(RECORDS FOR PROCESSING)
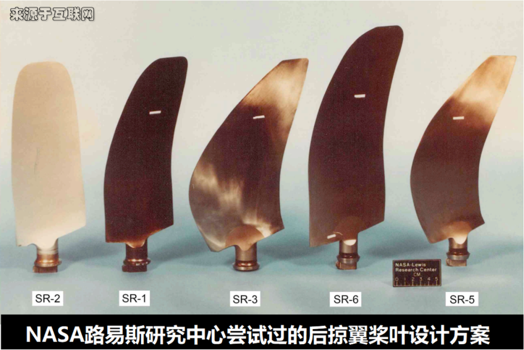 ??槳扇發(fā)動機(jī)一般采用兩排槳葉同軸對轉(zhuǎn),每片槳葉又寬又薄,前緣尖銳并帶有大后掠——借鑒了超聲速戰(zhàn)斗機(jī)后掠翼的設(shè)計智慧,同時后排槳葉還可以將前排槳葉產(chǎn)生的旋流捋順成直流,把原本浪費在空氣旋渦里的能量全數(shù)回收,讓槳扇發(fā)動機(jī)能夠保持高效運轉(zhuǎn)。
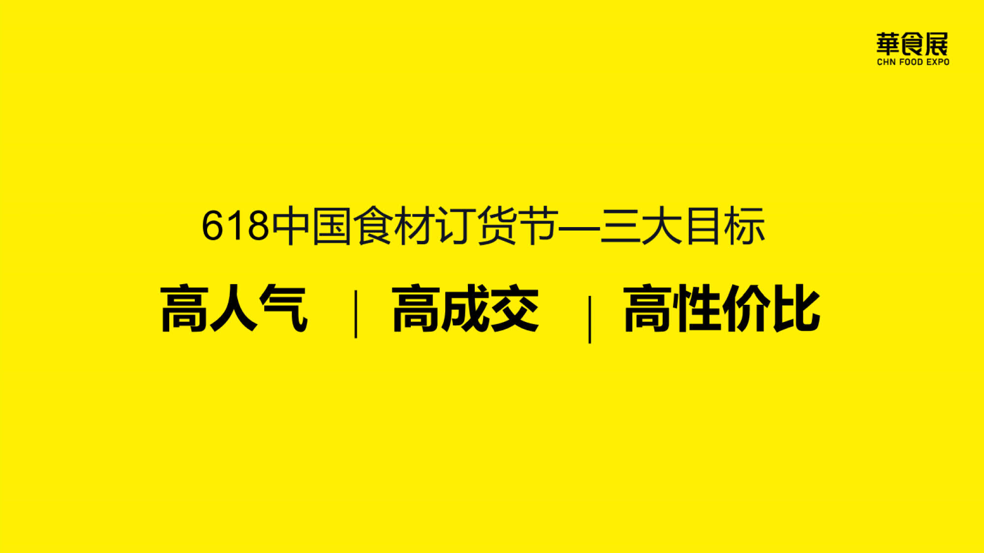 顺应时局新征程,赢在起点,华食展-CFIE中国食材展(同期举办618中国食材订货节),100000平方米展出规模,设立肉禽类食品展区、冷冻速冻食品展区、水产品展区、果蔬农副食品展区、火锅烧烤材料展区、预制菜品展区、米面粮油及调味品展区、食品设备及包装机械等特色展区,将于2021年6月18-20日在上海国家会展中心耀世登场。
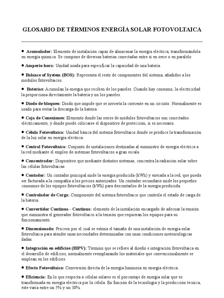 GLOSARIO DE TRMINOS ENERGA SOLAR FOTOVOLTAICA
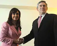 Since the mid-2000s, diplomatic relations between the UK and Argentina have become increasingly strained. In 2006, Argentina renewed claims to the Falkland Islands, citing concern over fishing and petroleum rights.[19] On 28 March 2009, UK Prime Minister Gordon Brown stated that there was "nothing to discuss" with Cristina Kirchner, the Argentine president, over sovereignty of the islands, when they met in Chile on his pre-2009 G-20 London Summit world tour.[20] On 22 April 2009 Argentina made a formal claim to the UN to an area of the continental shelf encompassing the Falklands, South Georgia and South Sandwich Islands, and parts of Antarctica, citing 11 years worth of maritime survey data.[21] The UK quickly protested against these claims.[22]
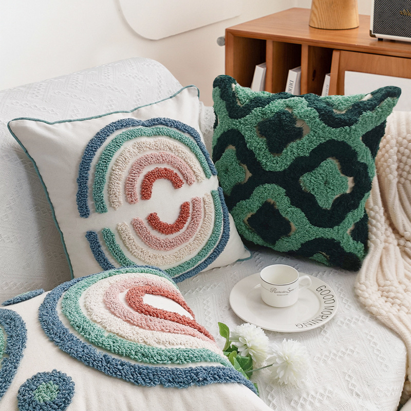 新品ins风几何簇绒抱枕沙发流苏靠垫民宿装饰抱枕亚马逊抱枕套
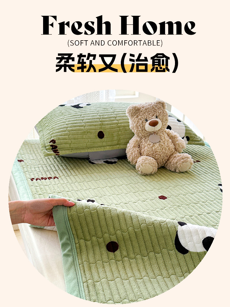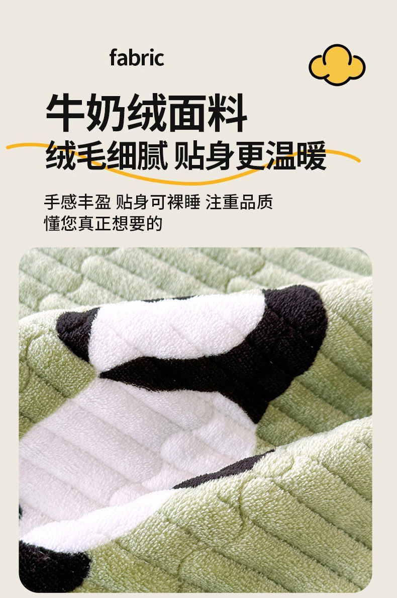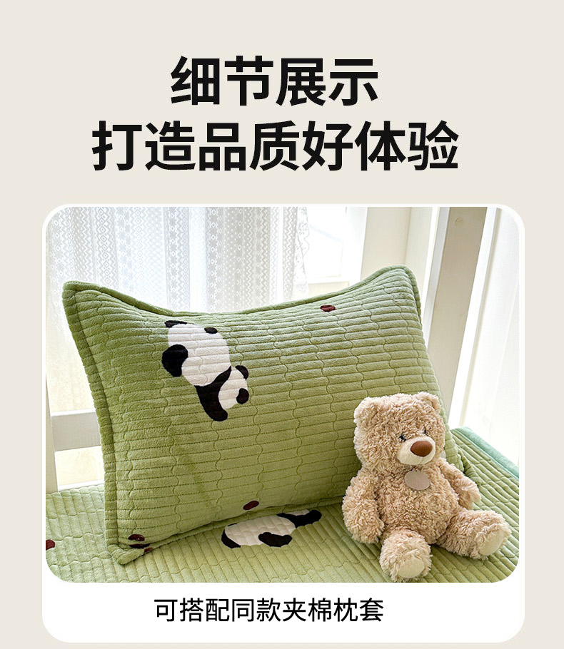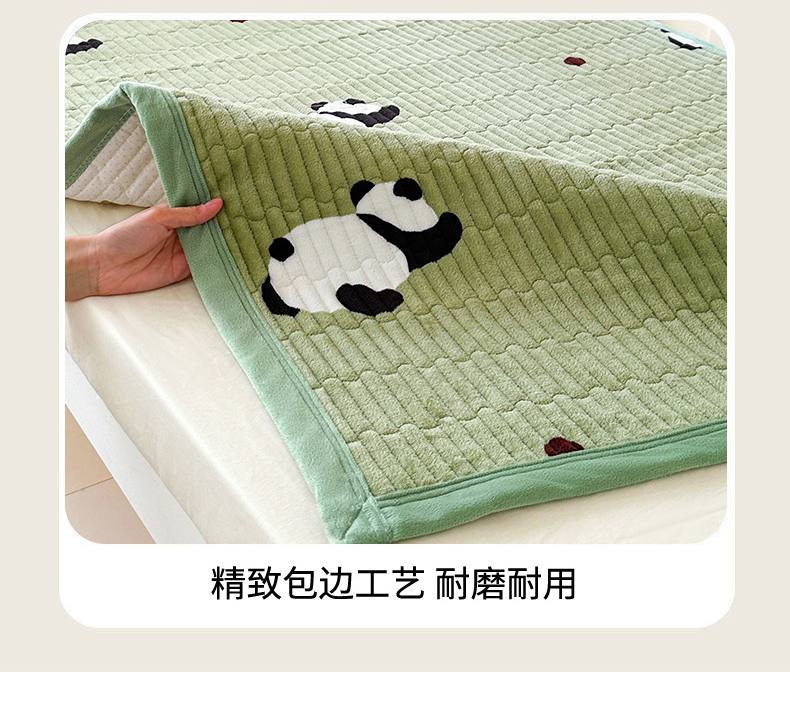 商品名称:丫丫家纺 2025新款牛奶绒床盖 熊猫绿
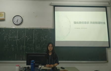 为深入学习贯彻习近平新时代中国特色社会主义思想和党的十九大精神,引导大学生践行社会主义核心价值观,我院团委积极响应校团委号召,于5月9日下午在俊秀东楼开展“强化责任意识,共创和谐社会”主题团日活动。
(End RECORDS FOR PROCESSING)
**WHAT TO PRODUCE:**
With pictures left out, repeat exactly the lines from the one containing "商品名称:丫丫家纺 2025新款牛奶绒床盖 熊猫绿" through the last line of the data above, inclusive, and nothing else.

**FINISHED EXERCISE:**
 商品名称:丫丫家纺 2025新款牛奶绒床盖 熊猫绿
 为深入学习贯彻习近平新时代中国特色社会主义思想和党的十九大精神,引导大学生践行社会主义核心价值观,我院团委积极响应校团委号召,于5月9日下午在俊秀东楼开展“强化责任意识,共创和谐社会”主题团日活动。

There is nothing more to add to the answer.